Last night, Friday night, a night that is often a night of celebration - where there's no work for a couple of days, no homework, a break - my eleven-year-old asked me if he could go to the mall with his friends (in particular, a girl who's in eighth grade in comparison to his sixth). I slammed shut the door on that possibility without any hesitation.
"No, you're too young."
Woweeeeee...whining and upset followed. I explained he can go to the mall when accompanied by parents, parents we know. Us. But unfortunately, being that I was feeling (and still am) under the weather with a cold-gone-wild and his father had long settled into the couch for a relaxing tour of the television's line-up, we had no intention of hanging out at any mall.
More whining ensued, yelling that we never let him go anywhere, impassioned claims that we "don't trust" him! To which I couldn't help but laugh because everyone knows it's not that we don't "trust" the eleven-year-old but that we don't trust all the child killers who stalk the malls on Friday nights and are just waiting at every Hot Topic store and dank bathroom hallways for yummy, vulnerable eleven-year-old prey.

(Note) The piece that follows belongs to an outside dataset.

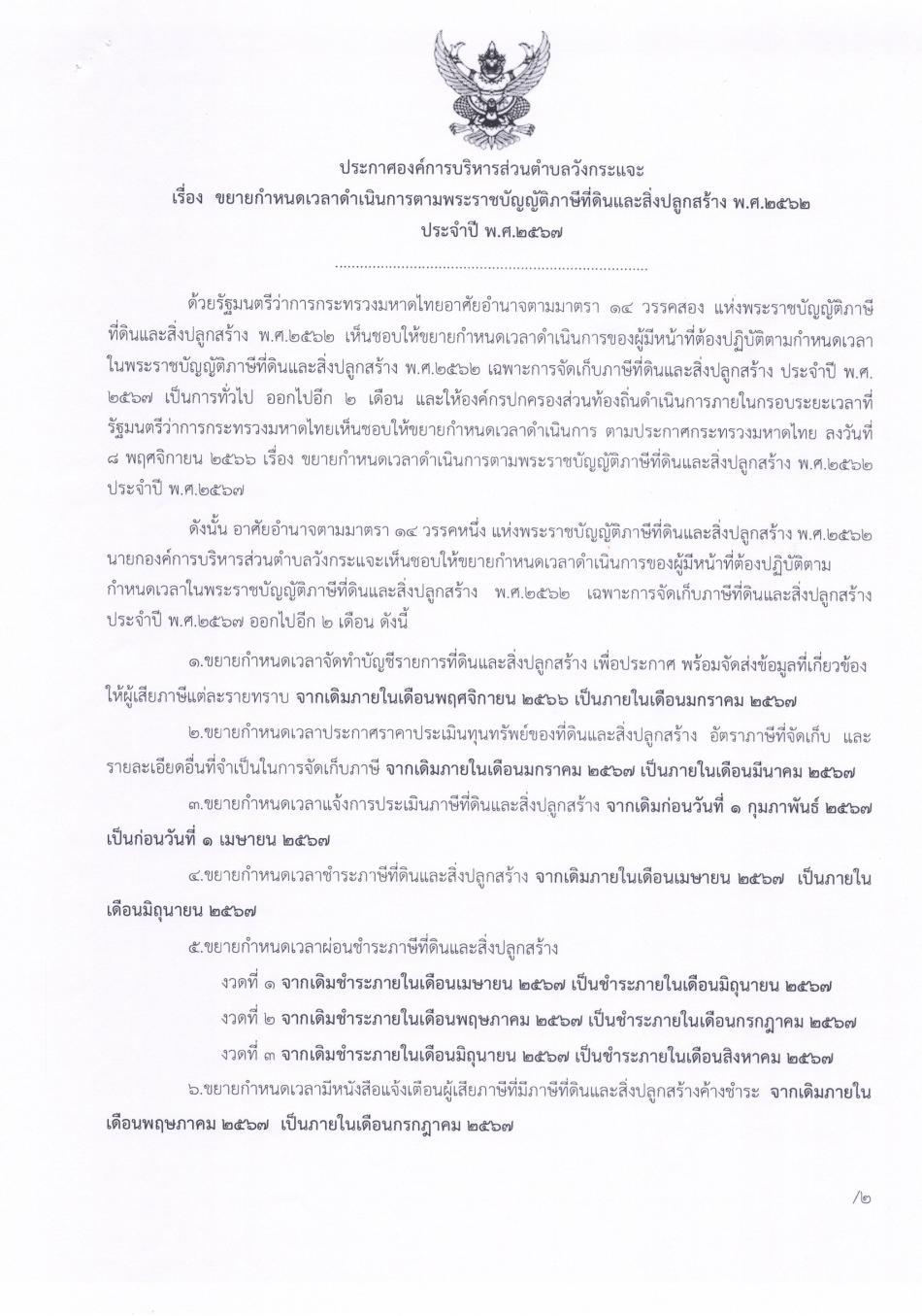 ประกาศองค์การบริหารส่วนตำบลวังกระแจะ เรื่อง ขยายกำหนดเวลาดำเนินการตามพระราชบัญญัติภาษีที่ดินและสิ่งปลูกสร้าง พ.ศ.2562 ประจำปี พ.ศ.2567 [28 พฤศจิกายน 2566]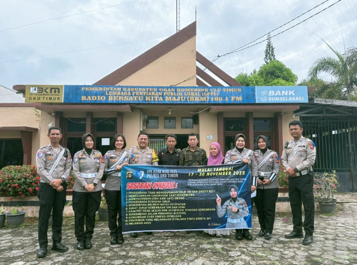 Polres OKU Timur. Globalnusantara.id –  Polres OKU Timur melaksanakan kegiatan penyuluhan keselamatan berlalu lintas melalui program Polantas Menyapa di Radio BKM 100,1 FM Martapura pada Selasa, 18 November 2025. Kegiatan ini merupakan bagian dari rangkaian Operasi Zebra Musi 2025 yang berlangsung selama 14 hari dan digelar serentak di seluruh Indonesia.

So the six o'clock hour stretched into seven with J on the phone, then eight rolled around, and near eight-thirty he stumbled into our room and said in the sleepiest voice, "I'm going to bed, mama."
When he collapsed into sleep, along with his brother and sister in their respective beds, I glanced at the clock and saw it was a minute or so to nine.
So much for that party-party night. He's still so little, so young.
"There's plenty of time for all of that, my little chickadee."
1 comment:
I wonder if this is an "older-child" sentiment - they want to grow up so fast. My two younger ones seem perfectly happy to be babied. It's a scary world out there.